Technical advice on third country regulatory equivalence under EMIR
ESMA has published its second set of advice to the European Commission on the equivalence of the regulatory regimes for OTC derivatives clearing, central counterparties and trade repositories of non-EU countries with EMIR.
Following a first set of advice published in September 2013, ESMA has now published its equivalence assessments of the regulatory regimes of Canada, India and South Korea, along with supplements to its equivalence assessments for Australia, Hong Kong, Singapore and Switzerland.
The third-country rules were compared with EMIR’s requirements for Central Counterparties (CCPs), Trade Repositories (TRs) and/or central clearing, reporting and non-financial counterparties as well as risk mitigation techniques for uncleared trades.
Besides Hong Kong and Switzerland, conditional equivalence is proposed in respect of the other third-country regimes. ESMA is not in a position to perform a conclusive analysis in respect of certain aspects of the Hong Kong and Swiss regimes as those countries are still in the process of finalising their regulatory regimes for the clearing obligation, non-financial counterparties and risk mitigation techniques for uncleared trades and trade repositories.
The European Commission is expected to use ESMA’s technical advice to prepare possible equivalence decisions. Where it adopts such a decision, certain provisions of EMIR may be disapplied in favour of equivalent third-country rules and, depending on the specific area determined to be equivalent, ESMA may:
- Recognise within the EU a CCP which is authorised outside the EU
- Recognise within the EU a TR which is authorised outside the EU
European Commission not to support delay in reporting date for Exchange Traded Derivatives
In August 2013 ESMA proposed, to the European Commission, to delay the reporting date for Exchange Traded Derivatives (ETDs) for one year to January 2015. Such a delay would give ESMA time to develop guidelines for the reporting of ETDs. However, the European Commission recently signalled that it does not intend to support such a delay. While far from ideal, if the delay is not endorsed by the European Commission, ESMA intends to provide some Q&As on ETD reporting before the start of the reporting obligation.
Portfolio Reconciliation EMIR Operational Guidance Note
ISDA has published an operational guidance note which provides operational guidance for portfolio reconciliation and dispute resolution obligations imposed by EMIR which came into effect on 15 September. It also includes guidance on a minimum set of fields for portfolio reconciliation purposes. The guidance note is structured in a Q&A format and provides responses to, inter alia, the following questions:
- Who is subject to portfolio resolution and dispute resolution obligations and how frequently are they required to reconcile
- How does one agree to terms of reconciliation
- Whether a firm should adhere as ‘Sender’ or ‘Receiver’

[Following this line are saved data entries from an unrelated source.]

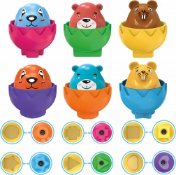 Sættet indeholder seks farverige æg, indeni hvilke du finder glade dyr. Barnets opgave er ikke kun at åbne ægget, men især at placere det på den rigtige plads i den særlige holder. Hvert æg har i bunden en unik geometrisk form, der passer til en af åbningerne i bakken. Når man trykker på dyrefiguren, aktiveres en lydeffekt. De glade ansigter på skallerne er en fantastisk måde at lære børn at genkende og benævne følelser.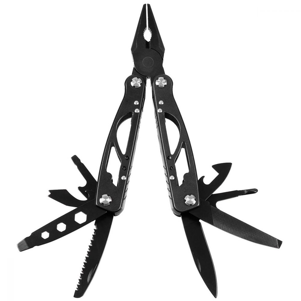 Coltello multifunzione a 9 pezzi con lama di circa 5,5 cm Sega, pinze a doppio denti con taglio laterale Lima di legno/metallo con righello (in pollici)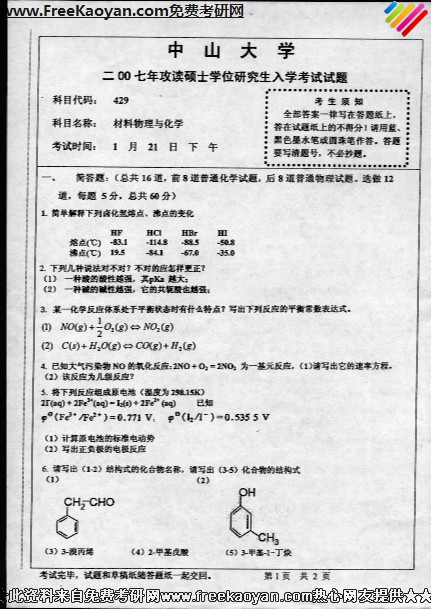 专业课考研经验 本站小编 FreeKaoyan 2018-01-23华南理工大学2007年考研专业课试卷有机化学上传的附件67ff58a61ea74b8817d27b2fa542d297.rar(30.99KB) ...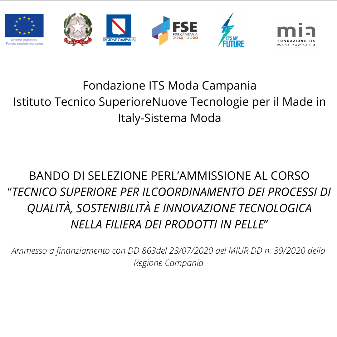 Prorogato il Bando per il nuovo Corso ITS per “TECNICO SUPERIORE PER IL COORDINAMENTO DEI PROCESSI DI QUALITÀ, SOSTENIBILITÀ E INNOVAZIONE TECNOLOGICA NELLA FILIERA DEI PRODOTTI IN PELLE – Annualità 2020-2022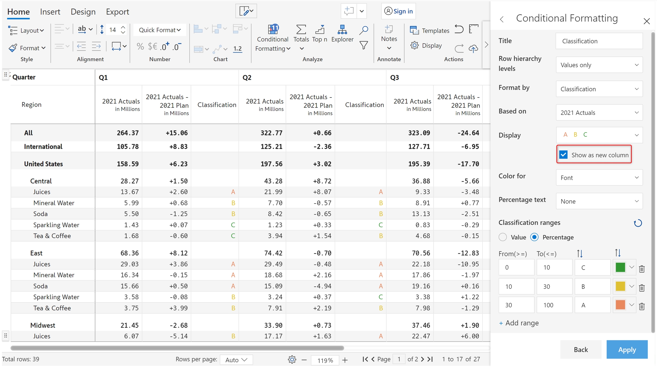 1.3. You can also have the classifications appear in a separate column if required. Check the Show as new column checkbox.
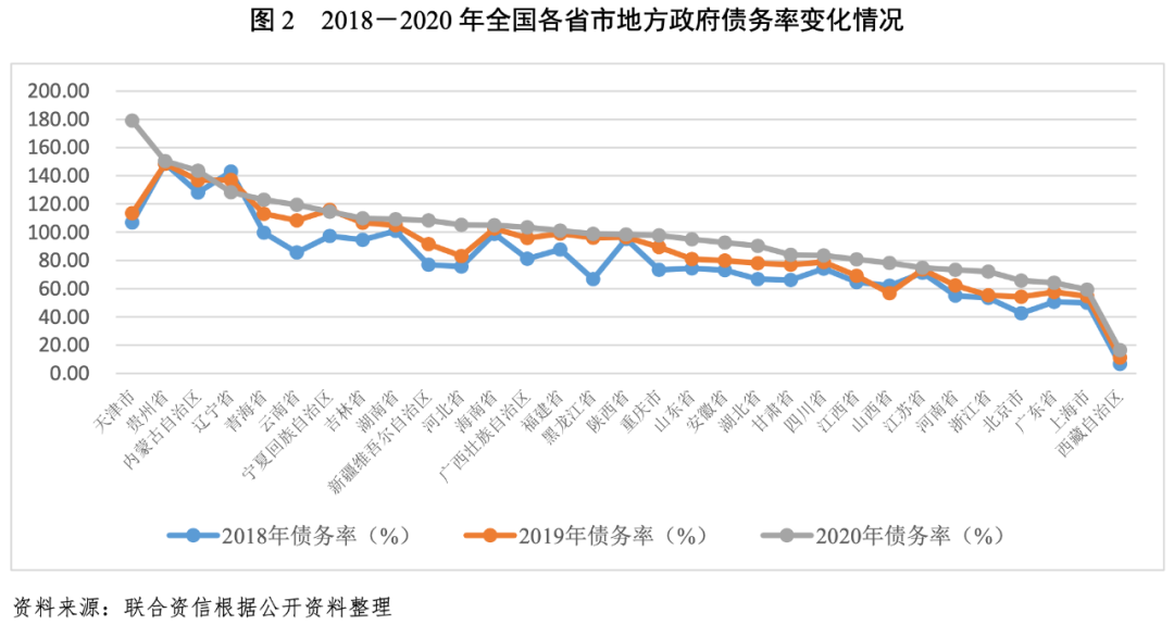 2018-2020年末,湖南省政府債務規模持續增長,分別為8708.2億元、10174.6億元和11814.1億元。截至2020年底,湖南省政府債務規模居全國第六位。2018-2020年,湖南省負債率持續增長,分別為23.97%、25.60%和28.28%;2020年,湖南省負債率在全國各省(自治區、直轄市)中處于相對較高水平,債務負擔相對較重。同期,湖南省政府債務率分別為101.0%、104.7%和109.2%,持續增長;2020年,湖南省債務率在全國各省(自治區、直轄市)中處于相對較高水平。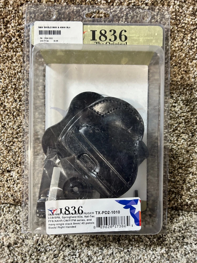 Texas 1836 Holster for 9mm/.40cal S&W, Springfield, Ruger, etc, - RH TX-PDX-1010 FITS: S&W M&P Shield 9/40/45 Ruger LC9/SR9 Springfield XDs Kel-Tec PF9 KAHR CW/P/PM Series Many other single- stack 9mm/.40 Pistols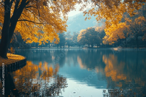 © Mr. Muzammil, Naklejka premium Autumnal Reflections on a Still Lake
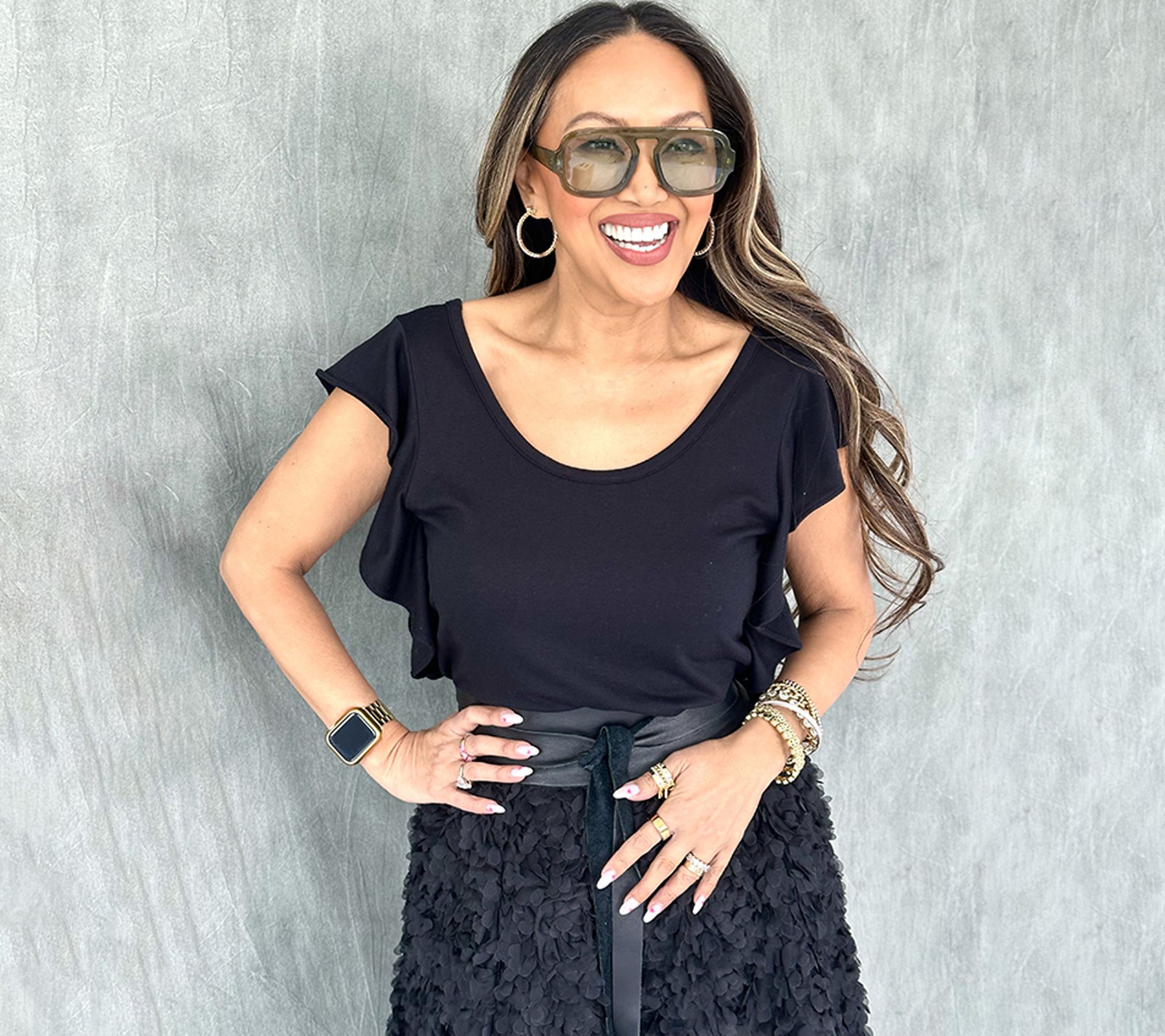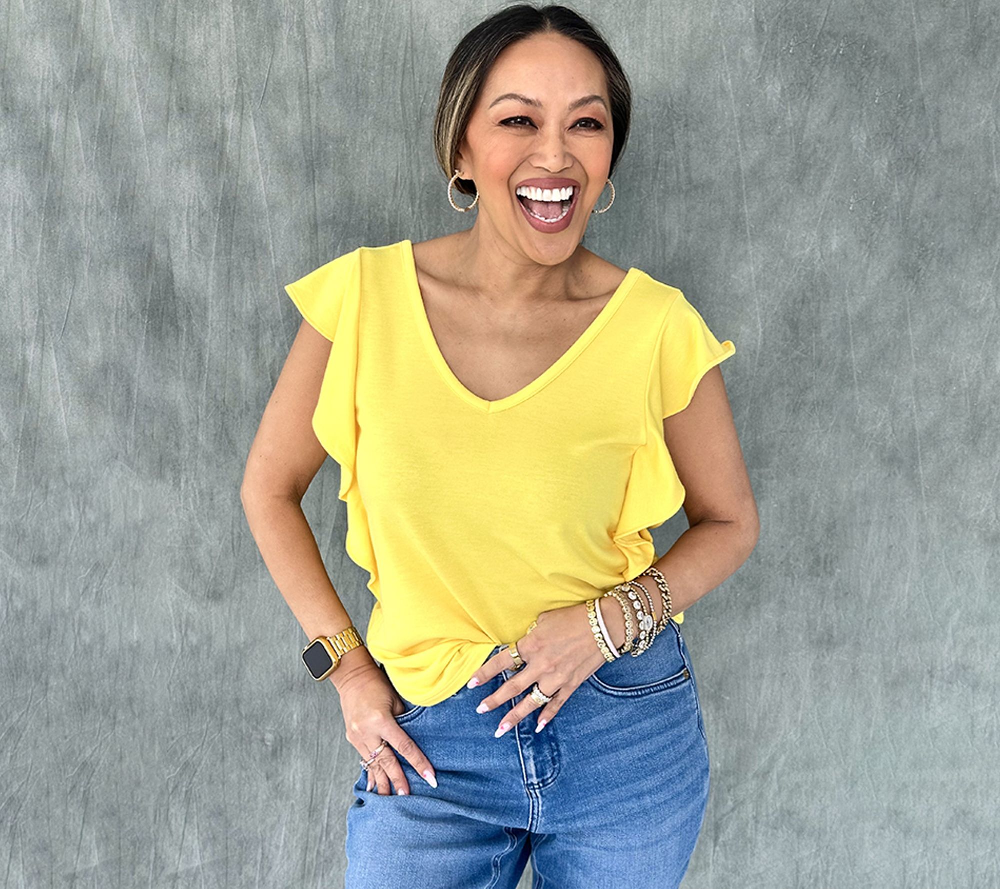 Whether it's a quick lunch date or an evening gathering, this flutter-sleeve blouse adapts seamlessly to your agenda. Flip between a classic V-neck or a relaxed scoop neckline for an instant style switch, and enjoy how the soft, flowing sleeves add a gentle, feminine touch wherever you go. From Mally Roncal.
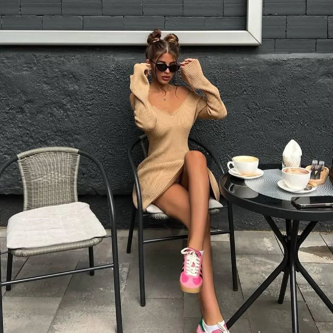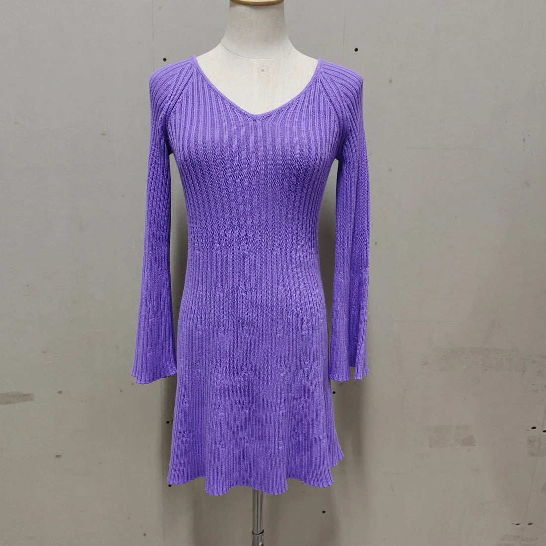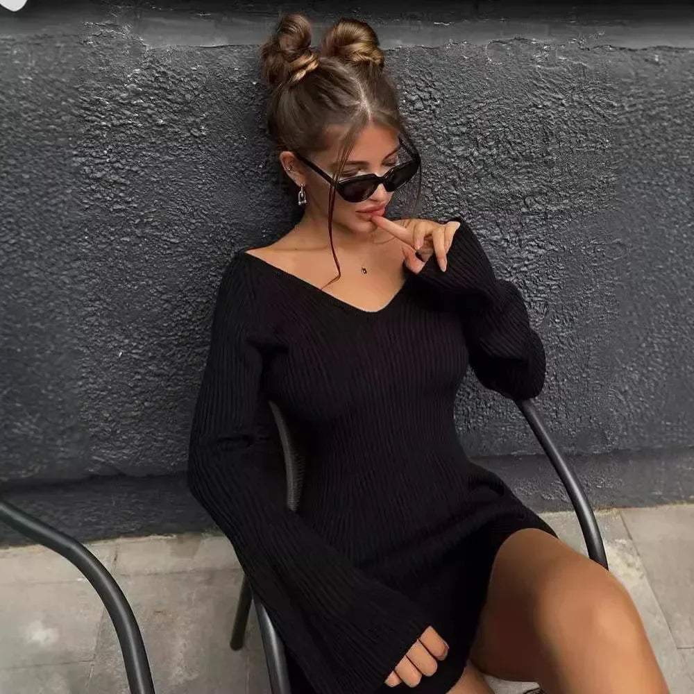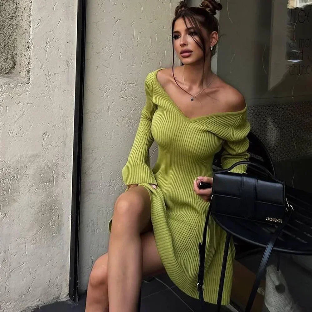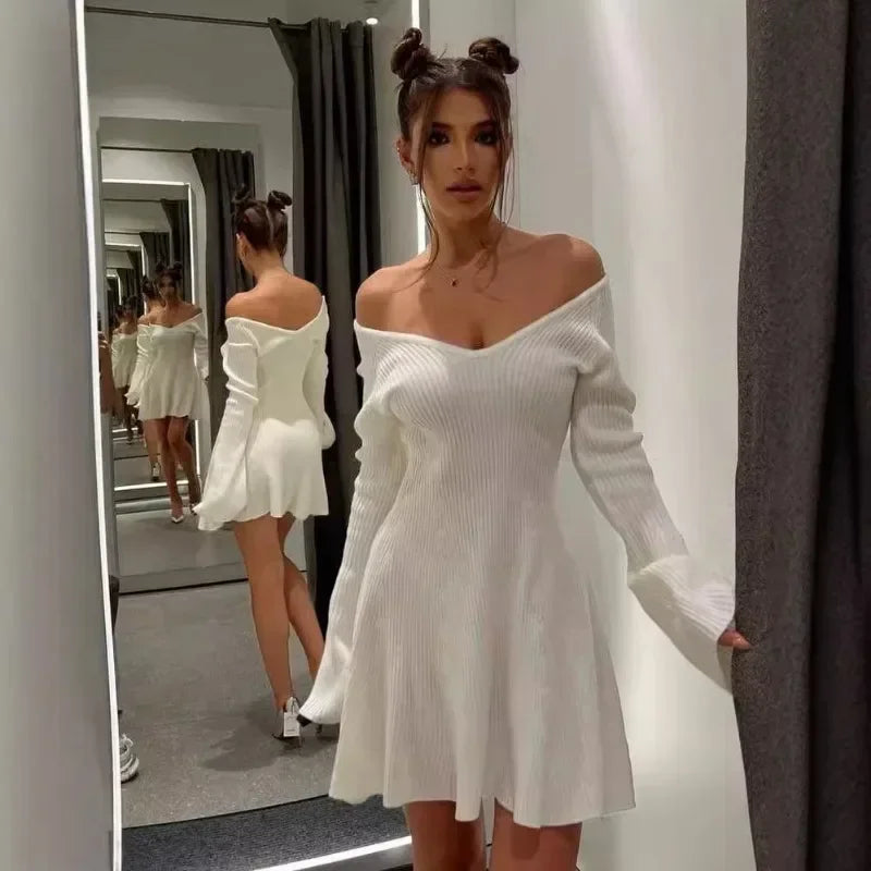 Knitted Off Shoulder V Neck Mini Dress Women's Sexy High Waist Long Sleeve Dress White Knitted Sweater Dress Robe Women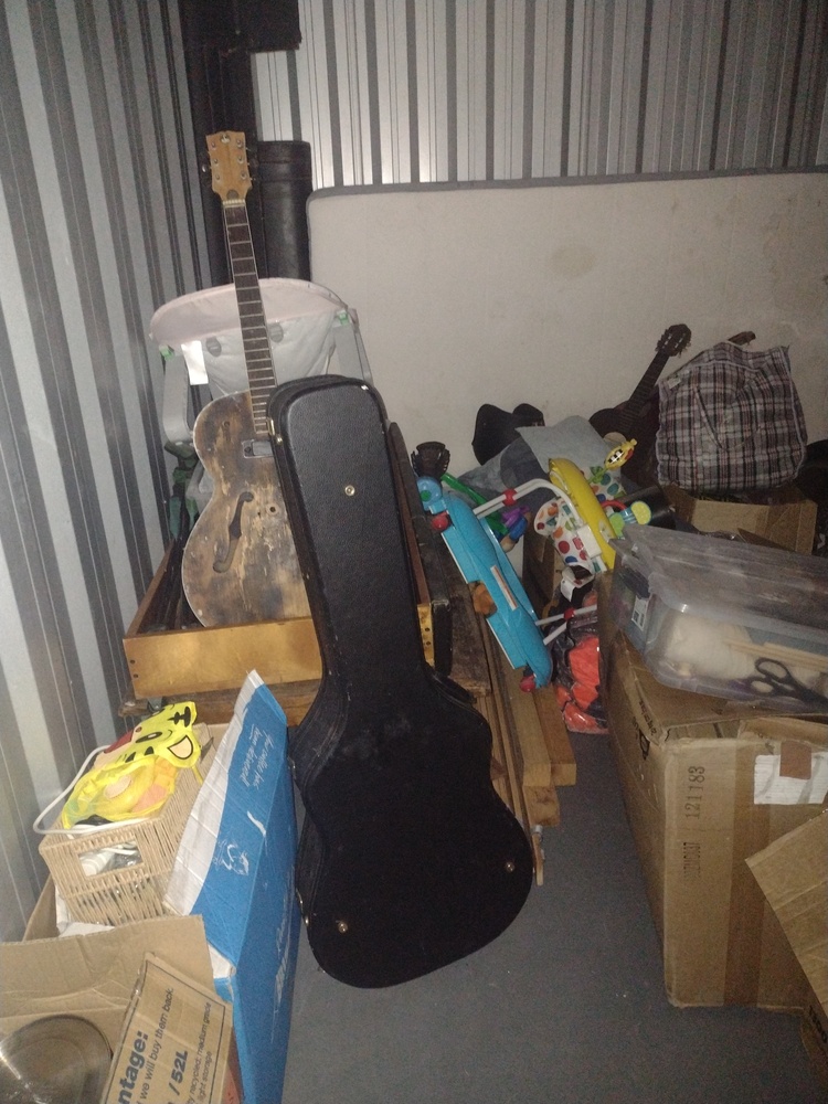 1 x child's pram, 1 x toy bear, 1 x baby basinet, 1 x toy "Bluey, 3 x boxes bric-a-brac, 1 x bag assorted clothes, 4 x plastic tubs of bric-a-brac, 1 x queen mattress, 1 x single mattress, 1 x bed frame, 1 x set wooden bed slats, 2 x wooden coffee tables, 1 x wooden computer desk, 1 x wooden cabinet + drawers, 1 x wooden table, 1 x lounge, 1 x box cushions, lounge cushions, 1 x box games, 1 x pair bongo drums, 1 x toy violin, 3 x guitars, 1 x guitar case, 1 x camp chair, 1 x metal wall sculpture, 1 x wooden bird sculpture, 1 x box rocks, 1 x wheel + tyre, 1 x microwave-LG 1200W, 1 x motorcycle helmet, 1 x roll plastic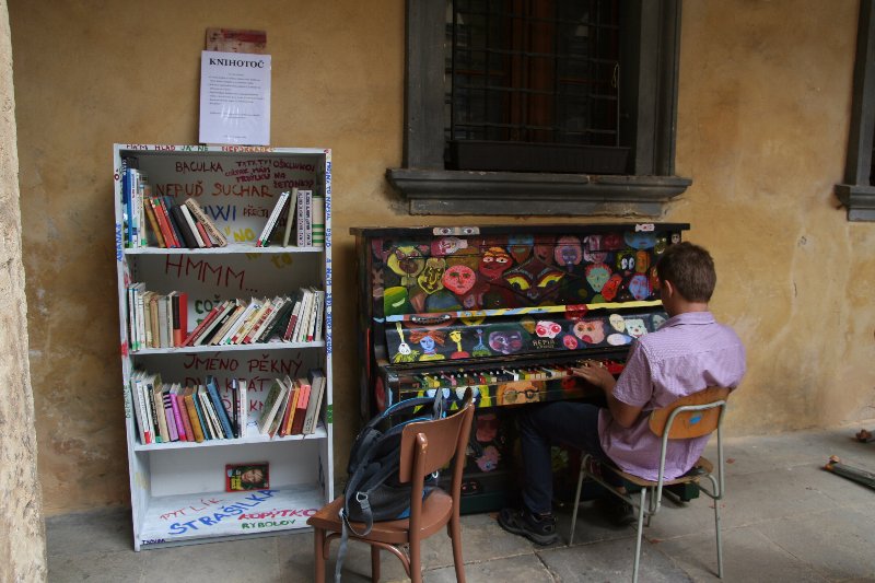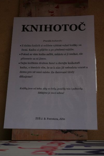 JIČÍN – Muzejní nádvoří Valdštejnského paláce v Jičíně je samé překvapení. Kromě sochy Albrechta z Valdštejna, která od loňského května shlíží a dohlíží na návštěvníky, jsou tam i další příležitosti k dívání, k poslouchání, ke koncertování, preludování nebo k výpůjčce literatury ve specifické nádvořní knihovně. Piano, které dosud sloužilo v podloubí k hudebním kratochvílím, je čerstvě omalované od žáků jičínské základní umělecké školy a již nastavuje klávesy k venkovní hudební produkci. Letos mu nově dělá společnost takzv. Knihotoč, který může potěšit žádostivé čtenáře. Zároveň však dává knížkám druhou, ale možná i padesátou šanci….Pravidla tohoto koloběhu knih zní:

- Whether a third party vendor should be used to reconcile trades
- What is the difference between a discrepancy and a dispute
Finally, the guidelines contain a matrix detailing the comparisons and differences between EMIR and the CFTC regulations as they pertain to portfolio reconciliation.
ESMA Q&A – Implementation of EMIR
ESMA updated its Q&A on the implementation of EMIR on 22 October 2013. The answer to TR question 10(b) has been modified. TR question 10(b) questions the code to be used to identify counterparties (LEIs, interim LEIs or BICs). The answer links to a list of endorsed pre-LOUs (local operating units).
ESMA Guidelines and Recommendations regarding written agreements between members of central counterparty colleges
ESMA has published guidelines recommending the form of written agreement that the National Competent Authority (NCA) of a Central Counterparty (CCP) should propose as part of its establishment of a college under Article 18 of EMIR. The establishment of such a college will facilitate the exercise of the tasks referred to in Articles 15, 17, 49, 51 and 54 of EMIR. CCP college members should agree to the terms of such written agreement ahead of their participation in such colleges.
The template written agreement contained in the guidelines contains provisions relating to, inter alia, the following:
- Formation of the college
- Working language of the college
- Applications by the college to the NCA
- Meetings of the college
- On-going risk review
- Organisation and coordination of activities between college members
- Information requests
- Emergency situation (as referenced in Article 24 of EMIR)
- Withdrawal of authorisation and dispute resolution
NCAs must make every effort to comply with the guidelines and must notify ESMA whether they comply or intend to comply, giving reasons for non-compliance, by 3 December 2013. In the absence of a response by this deadline, NCA’s will be considered non-compliant.
Delegated Regulations – exempted entities & trade repository fees
The delegated regulations relating to exempted entities and fees charged by ESMA to trade repositories have been published in the Official Journal. The delegated regulation regarding exempted entities, exempts central banks and public bodies charged with or intervening in the management of the public debt in Japan and the USA from the requirements of EMIR.